### What is needed
Find the line that contains "零跑汽车10月交付达38177辆,同比增长109.7%。". Copy it and every line after it to the end of the material below, exactly, with no pictures.

### Given data
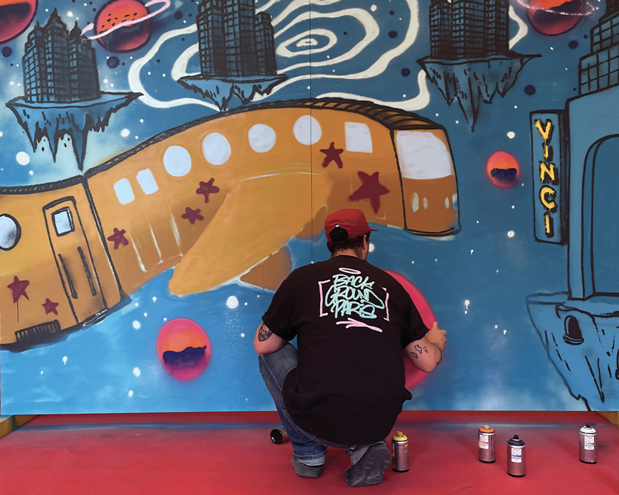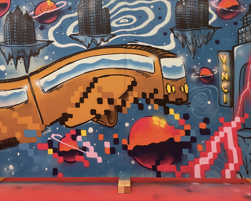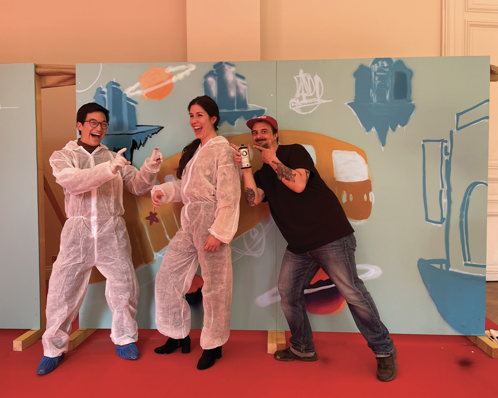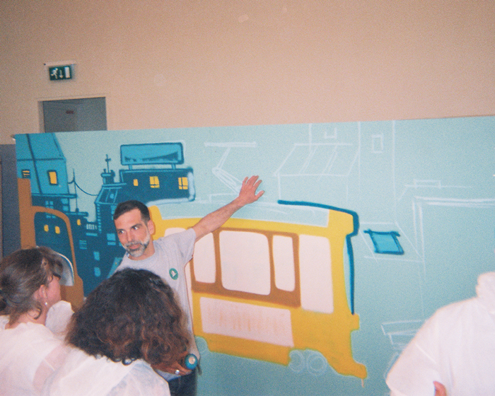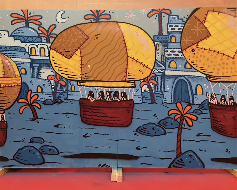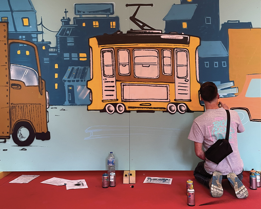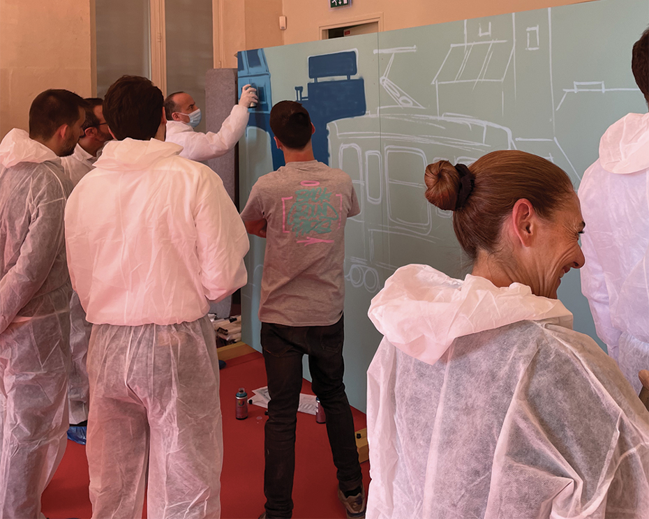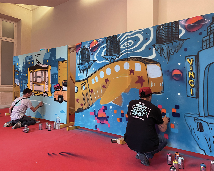 La thématique des peintures : "la mobilité positive" que nous avons traité de manière temporelle. A la manière d'une frise chronologique, les trois panneaux représentent le passé (avec ses ballons dirigeables), le présent (avec le tramway de Lisbonne) et le futur imaginé de cette mobilité positive.
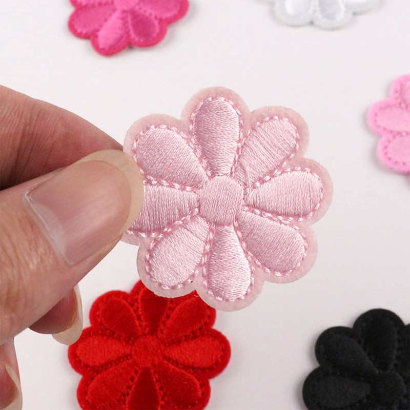 Pack of 40 iron-on patches, mini embroidered patches, embroidered patch stickers, DIY clothing patches stickers, for jeans, trousers, jackets, T-shirt bags (flower shape)
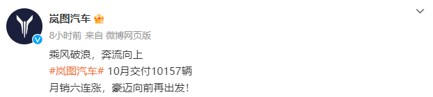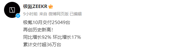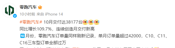 零跑汽车10月交付达38177辆,同比增长109.7%。
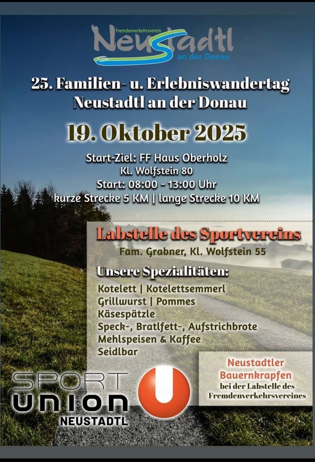 Es wird wieder eine kürzere Strecke mit 6 Kilometer und eine längere Route von etwa 10 Kilometer geben. Zudem gibt es eine Labstelle beim Anwesen Aichinger in Pfaffenberg und beim Hause Grabner in Groß-Dachgrub sowie eine Getränkestation bei der Hubertuskapelle. Es wird auch wieder die beliebten "Neustadtler Bauernkrapfen geben.
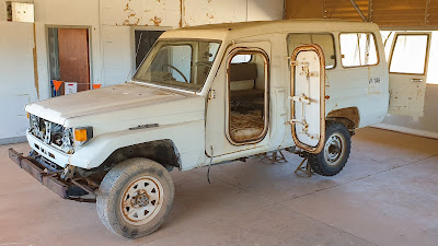 We had lunch under big sheds near where all the radioactive remains were finally and properly buried before 1995 when the land was handed back to the traditional owners, not that they want to live on the affected land to this day. All the equipment used to bury contaminated material had to also be buried and nothing could leave Maralinga.

### Response
 零跑汽车10月交付达38177辆,同比增长109.7%。
 Es wird wieder eine kürzere Strecke mit 6 Kilometer und eine längere Route von etwa 10 Kilometer geben. Zudem gibt es eine Labstelle beim Anwesen Aichinger in Pfaffenberg und beim Hause Grabner in Groß-Dachgrub sowie eine Getränkestation bei der Hubertuskapelle. Es wird auch wieder die beliebten "Neustadtler Bauernkrapfen geben.
 We had lunch under big sheds near where all the radioactive remains were finally and properly buried before 1995 when the land was handed back to the traditional owners, not that they want to live on the affected land to this day. All the equipment used to bury contaminated material had to also be buried and nothing could leave Maralinga.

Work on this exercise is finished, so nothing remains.